This time of year finds many companies preparing for earnings calls. For some of you, it’s like readying to get a tooth pulled. You’d rather not, but have no choice. Yet speaking to shareholders doesn’t have to feel like a dreaded dental appointment. When approached correctly, you may actually start looking forward to sharing your story in what should be a controlled, yet candid conversation.
Most calls begin with a company official reading a safe harbor statement but that doesn’t mean you should read your way through the call. Like a presentation or talk, you want to connect with your listener to instill confidence and commitment even when the news isn’t positive. This article examines the eight biggest earnings calls mistakes and how to prevent them moving forward.
Set the Tone
The best opportunity to frame your message is the moment you open your mouth. What do you want shareholders to feel? Optimistic? Excited? Encouraged? Or perhaps you want to offer reassurance after a dismal quarter. A clear opening statement that articulates your vision and strategy sets the tone moving forward. It also puts a human face on your company.
Talk, Don’t Read
Reading is not communicating. While you must prepare an outline and talking points, it’s your tone, pitch, attitude and delivery that instills confidence and credibility. As reported by Vanity Fair magazine, “During his first earnings call with analysts, (Google CEO Larry) Page read, with a discernible lack of enthusiasm, a 394-page statement, then took off before the traditional question-and-answer session. The next day Wall Street lopped $15 billion off his company’s market value.”While you don’t want to sound too excited or overpromise, you must convey energy, enthusiasm and passion if you want others to care about what you’re saying.

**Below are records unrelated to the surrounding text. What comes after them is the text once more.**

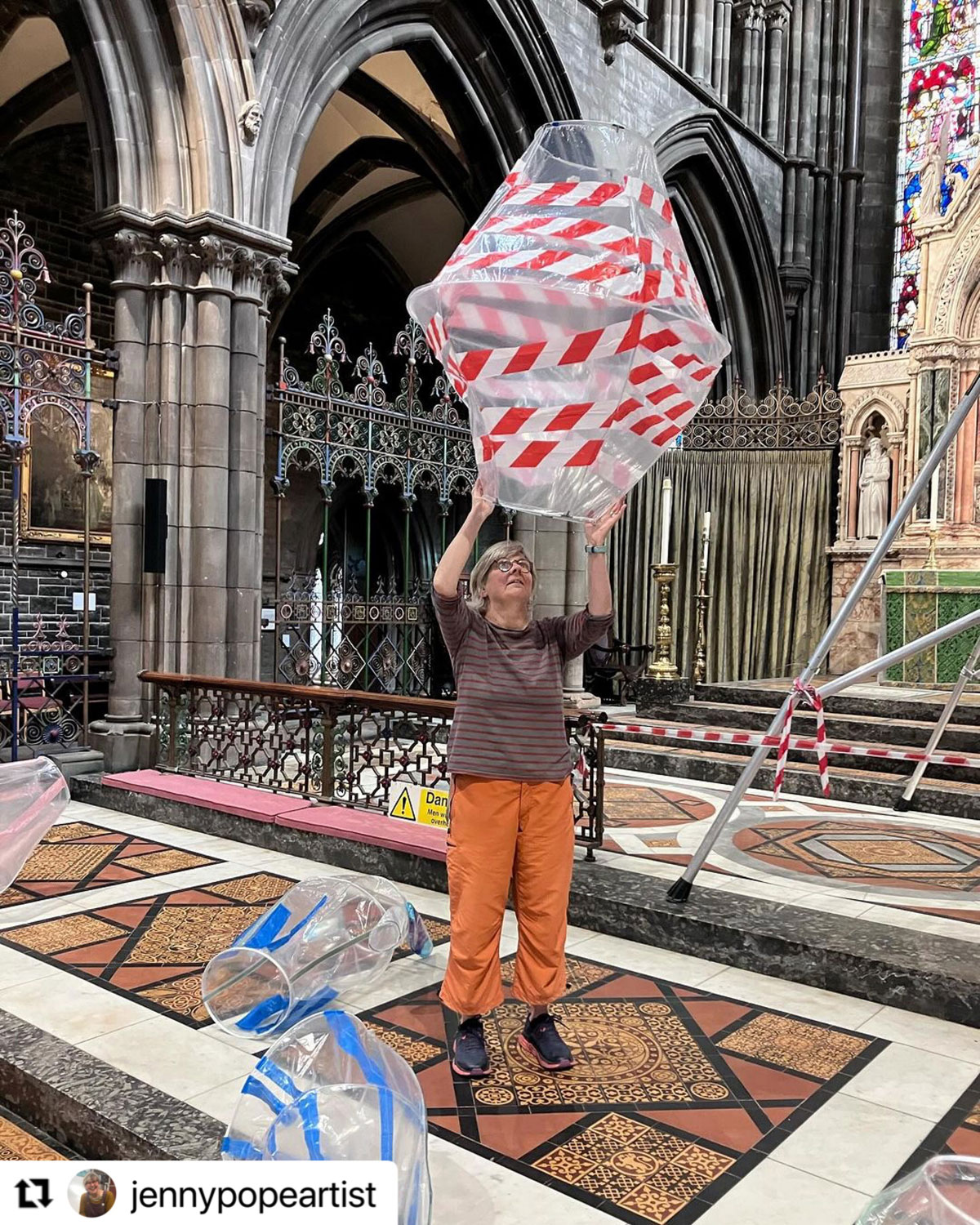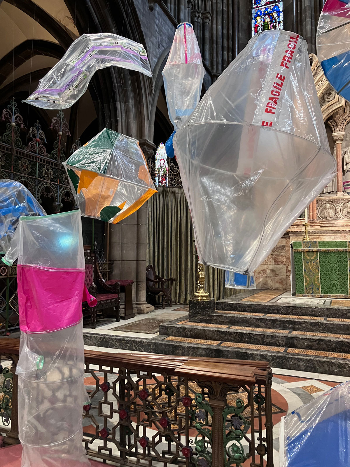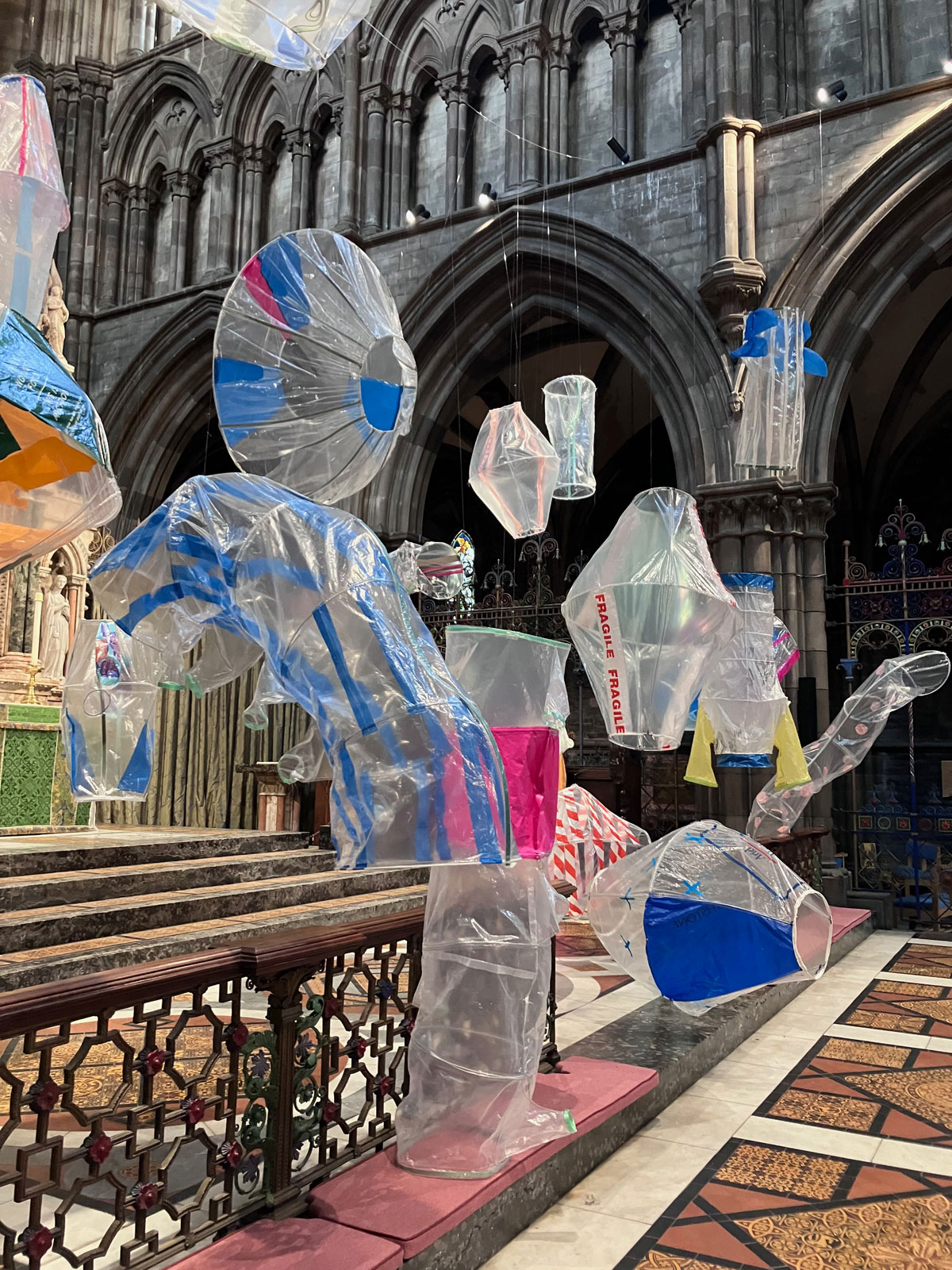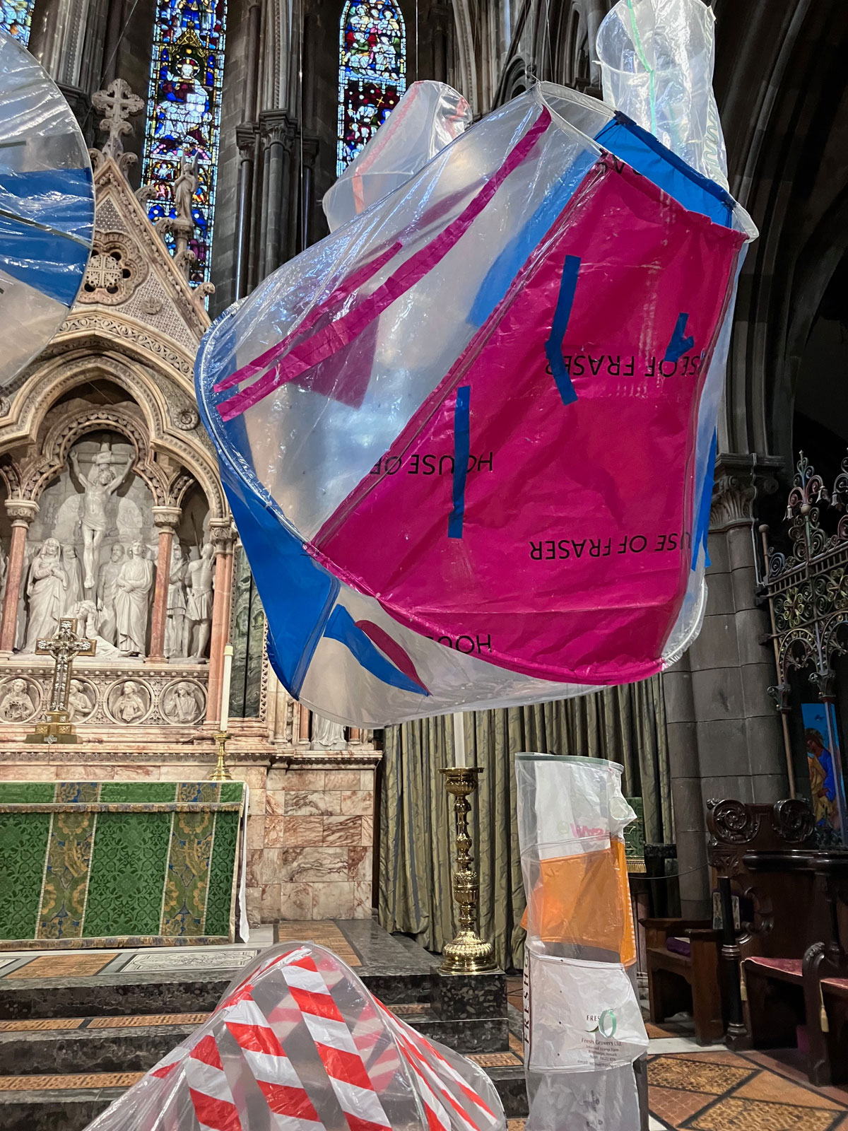 In 2024 I transposed the concept of floating and buoyancy to a completely different location, one within the magnificent St Mary’s Episcopal Cathedral in Edinburgh. I was approached by Jonathan Baxter, embedded artist at the cathedral and A+E project to make an installation for the Summer programme 2024 , I created a floating plastic fossil installation above the high altar.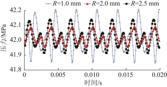 不同阻尼槽半径下轴向柱塞泵出口压力曲线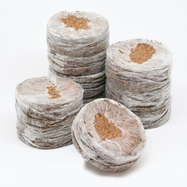 良質なココピート100%を不織布(PLA:生分解性プラスチック)で包んだものを乾燥・圧縮した育苗資材です。
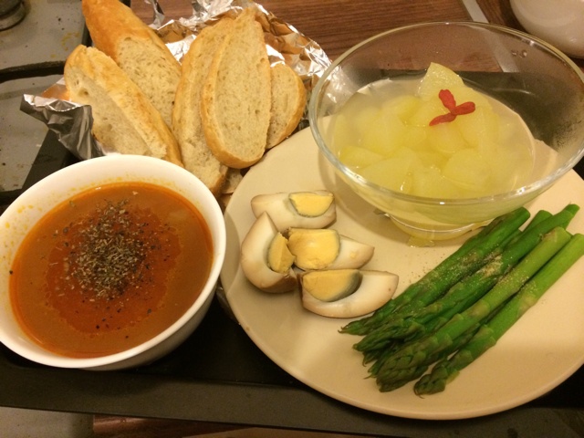 糖水青苹果、水煮芦笋、卤蛋、番茄牛尾汤、烤法棍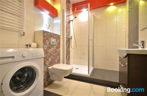这家1卧室公寓配备起居室、带卫星频道的平板电视、带冰箱和洗碗机的设施齐全的厨房以及1间带淋浴设施的浴室。这家公寓还提供休息区、洗衣机以及1间带吹风机的浴室。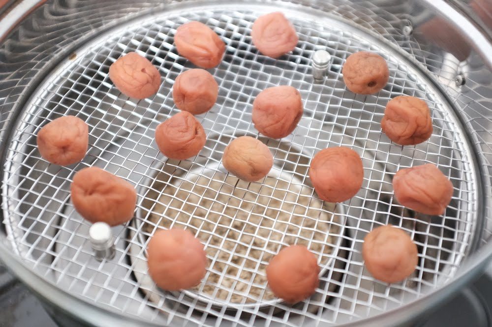 燻製器にナラのスモークチップをセットし、網の上に梅干しをのせる。強火で加熱し煙が出てきたら中火にし蓋をする。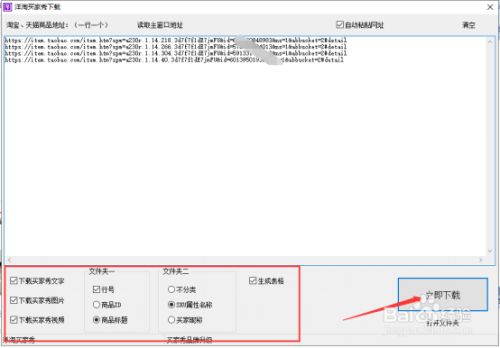 8.复制好后,选择好下面的设置,比如“下载买家秀文字”、“下载买家秀视频”、 “SKU属性名称”、“生成表格”等等,并单击立即下载,如图: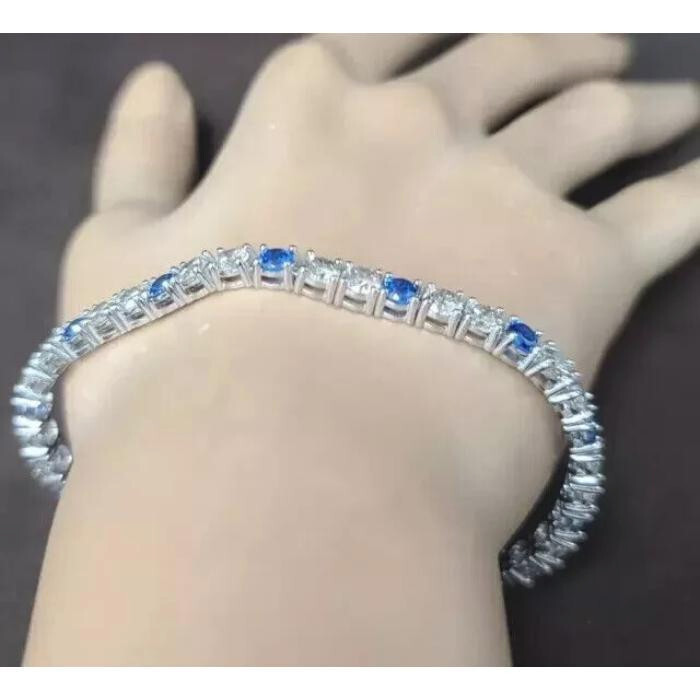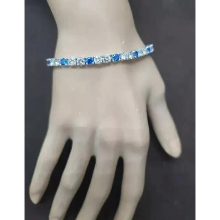 $ 2323.214k Wh Gold-Plated Lab-Created 4cts Round Cut Blue Sapphire Tennis Bracelet 7”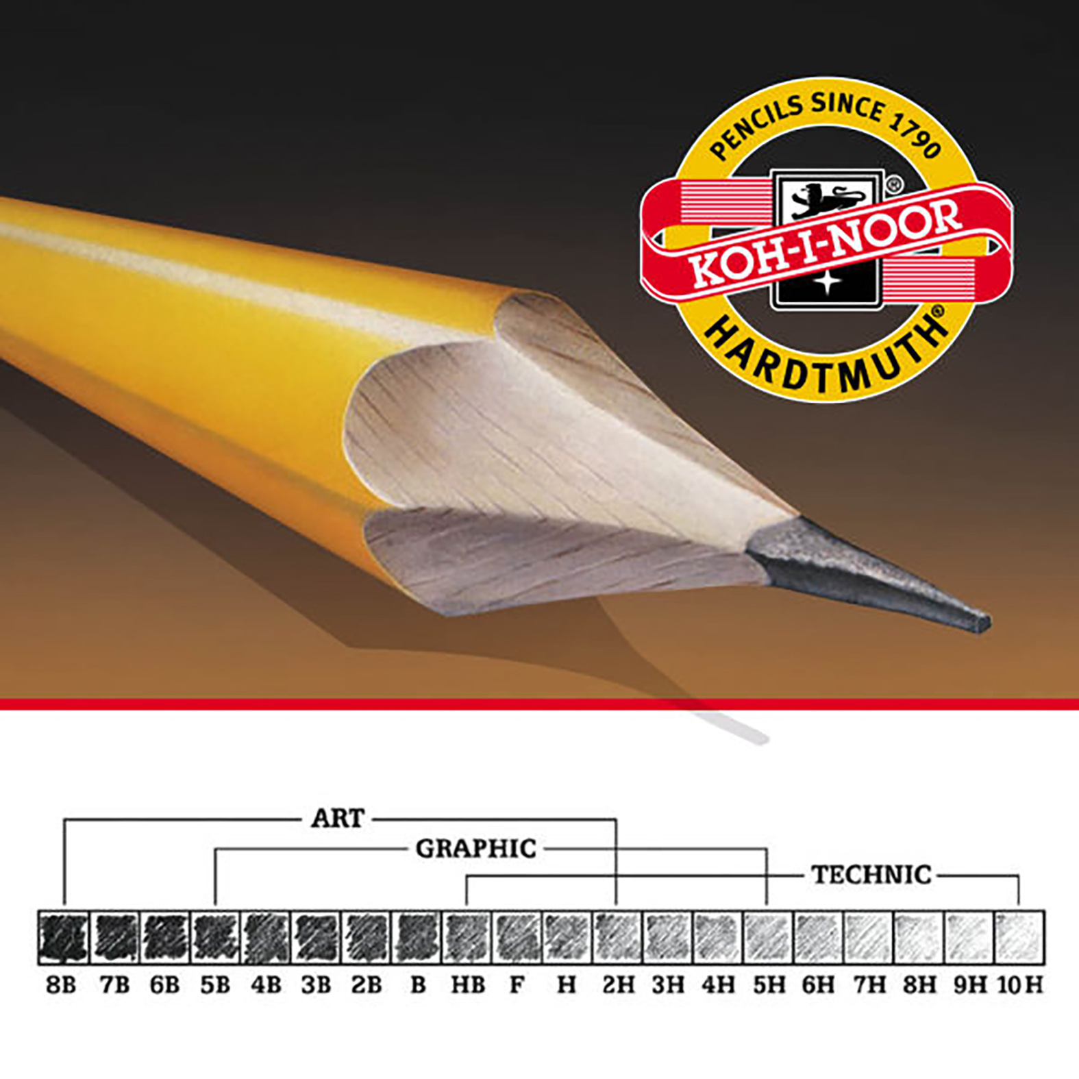 Tradicionalne žute grafitne olovke od kvalitetnog drveta. 1502 - mekih gradacija od 8b do 2H. Tvrdoća i mekoća se jasno prate u odnosu na samu primenu. Olovke su idealne za tehničare. grafičare i umetnike.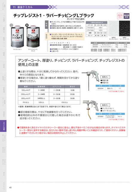 一般的な山肌の出し方エアー圧高:小さい低:大きいノズル6mmノズル5mm大きい小さい距離遠:大きい近:小さいスピード速:低い遅:高いPRTR該当特化則該当肌見本チップレジスト1肌見本ラバーチッピングL品番000487000491品名チップレジスト1ラバーチッピングLブラック内容量1kg1kg入数12缶12缶第4類第一石油類危険等級Ⅱ860mL(品番000487)第4類第一石油類危険等級Ⅱ940mL(品番000491)チップレジスト1・ラバーチッピングLブラックガンタイプ凹凸塗料●ガンのノズル、エア圧の調整などで様々な凹凸が作れます。●乾燥後は他の塗料を上塗りすることが出来ます。●密着性、耐水性、防性、耐衝撃性に優れています。●フェンダー、フローリング、ボンネット、フレーム、トランク、フェンダージョイント、ロッカーパネルなどの防、防食、防振、断熱ータ]テクデニカル[●乾燥時間(常温)=指触乾燥:30〜40分硬化乾燥:1〜2時間(1回塗り)●塗布面積=1〜1.5平方メートル(1回塗り)●上塗り=可特長チップレジスト1ラバーチッピングLブラックアンダーコート、厚塗り、チッピング、ラバーチッピング、チップレジストの使用上の注意●上塗りする際は、十分に乾燥してから行ってください。膨れ、●厚塗りする場合は、1度に塗り重ねず、間隔を空けてから塗り中ウミの原因となります。重ねてください。膜厚100μm以下200μm以下乾燥時間1〜3時間3〜5時間300μm以下5時間以上エアゾール1〜2往復2〜3往復3〜4往復液もの1往復2往復3往復それ以上1日以上それ以上※膜厚、乾燥時間はあくまで目安です。季節や塗り方で異なります。●部分補修の際は、十分に下地調整を行ってください。●使用目的以外の不要部分に付着した場合は速やかに布で拭き取ってください。専用ガン●厚塗り黒●厚塗り白品番品名000094厚塗りガン入数1丁※カプラは付属していません。専用ガン●チップレジスト1●ラバーチッピングL品番000960品名チップレジストガン(アダプター付き)入数1セット※カプラは付属していません。●可塑剤を多く含むタイヤハウスやシーラー部分に塗ると、硬化不良やべたつきが出る場合があります。タイヤハウスやシーラー部分に塗布する場合は、目立たない箇所で試し塗りをし問題が無いことを確認のうえ、ご使用ください。試験後に塗膜がべた付いたり乾かない場合は使用を中止してください。関連カーエアコン塩害ガードガン関連シャーシー塗装剤潤滑剤洗浄剤アイコート床塗料油処理剤検査剤ハンドソープ特殊塗料鈑金ケミカルケミカルボディー用ケミカルガラス用ケミカルタイヤ用その他インデックス40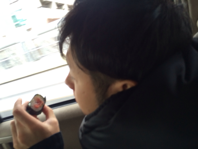 車内がだんだん暖かくなり、ダウン脱ぎ始めました!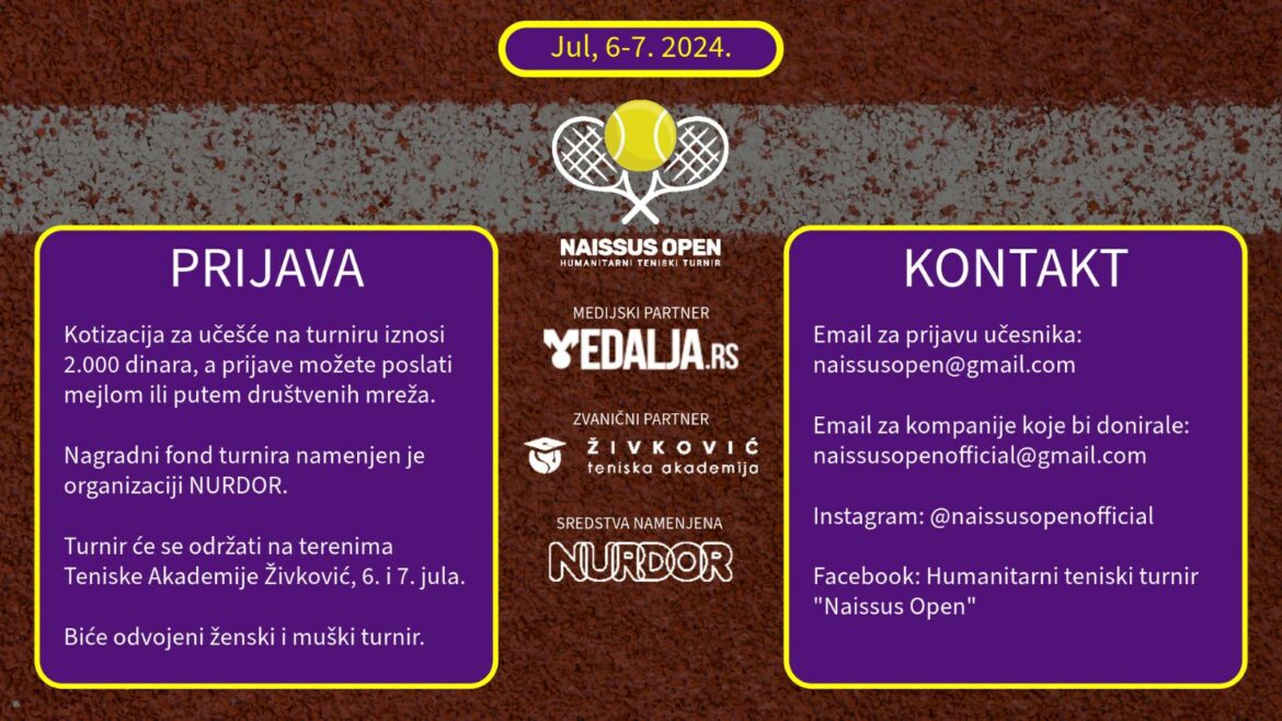 Naissus open, peti humanitarni teniski turnir, biće održan 6. i 7. jula na terenima Teniske akademije Živković u Nišu. Čitav nagradni fond turnira biće usmeren organizaciji NURDOR.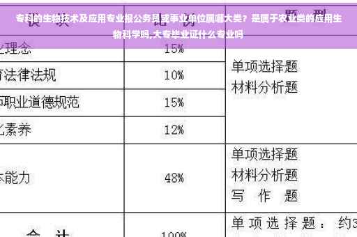 追问: 一般招聘生物技术及应用专业的单位几乎没有,但有些职位是直接招大类的,如果这个专业属于生物类的,那就只能报专业不限,因为生物类的基本都是研究生以上,如果是属于农业类的,专科还有希望,我就是想确认一下具体是什么类别,如果是生物类的我就前途渺茫了 回答: 其实你专业是一个边缘专业,本身属生物类,如果从专业性质来说,也算属农业类,因为你是学应用的,我建议你想考试哪个岗位就去报,能报则报,不能就是花了一点去报名的时间,不要错过报名时间。

Your listeners can’t remember everything you say which is why you should minimize messages and focus on three key points you want them to take away. This doesn’t limit you to talking about three things, but concentrating on several key points instead of many will help reiterate the story you’re telling. Make sure to support what you’re saying with concrete examples, details and facts that help your audience better understand your strategy, how it ties to developing or changing trends and what they can expect moving forward. Just like you, your listeners appreciate clear concise information.
Acknowledge Problems but …
This is not a Sunday morning talk show and you are not a freshly media trained politician who can choose not to answer the question. It’s important to acknowledge and address problems but then move on and outline what you are doing to correct them and what you anticipate moving forward. For example, at a recent analyst conference, Merck & Co. chief executive Kenneth Frazier acknowledged that setbacks in drug testing made his first year as CEO difficult. But instead of wallowing in those difficulties, he said important new drugs were on the horizon and he anticipates better news in 2012 which was clearly the message he wanted to deliver.
Make Numbers Meaningful
It is your job to tell listeners what you want them to know and that means putting numbers into context. It’s not enough to simply repeat what was in the press release that went out before the call. Instead, take it a step further by marrying the numbers to what you want people to hear. Apple does a great job at this. On a recent earnings call, it was announced that despite not meeting projections, 20 million iPhones had been sold in Q3 of 2011 alone. The company then went on to say this makes Apple the top smartphone manufacturer in the USA.
Cut the Corporate Speak
In today’s Twitter savvy world, more and more people expect information to be delivered in clear crisp concise nuggets. The financial world is no different. While your listeners may require economic detail so people know if they want to buy, sell or keep your stock, they also want plain words that help them understand what the information means to them. Just because your listener is an investor or potential investor doesn’t mean they are well versed in your business so speak to be understood.
To Show or Not to Show
Increasing numbers of companies are complementing their earnings calls with slide presentations. This can be positive if it’s done correctly. The slide should follow you, not the other way around. If the slide can help clarify or explain technical information to a non-technical audience, your audience will welcome the effort. But if the slide is cluttered with too much data and text that is not delivered effectively, you risk dis-engaging your audience.
Many of our clients put ample time into preparing for calls, but sometimes fall short when it comes to practicing out loud. They say things like: “we don’t have time” or “we’ve done this many times before so we’ll be fine” but practice creates polish and polish spells confidence. Not only should you practice the script, but role playing the Q&A portion of the call is essential to prevent you from being caught off guard. If you fail to answer a question properly, you may inadvertently send the wrong message which can affect stock price and company reputation.
Shareholders want leadership and innovation. They want to know how you will execute vision and strategy moving forward to meet projections, fix problems and compete in today’s global environment. There are plenty of people competing for their money. They want to know why they should invest with you. Earning trust is a constant commitment that should be devoted to preparing for each and every call.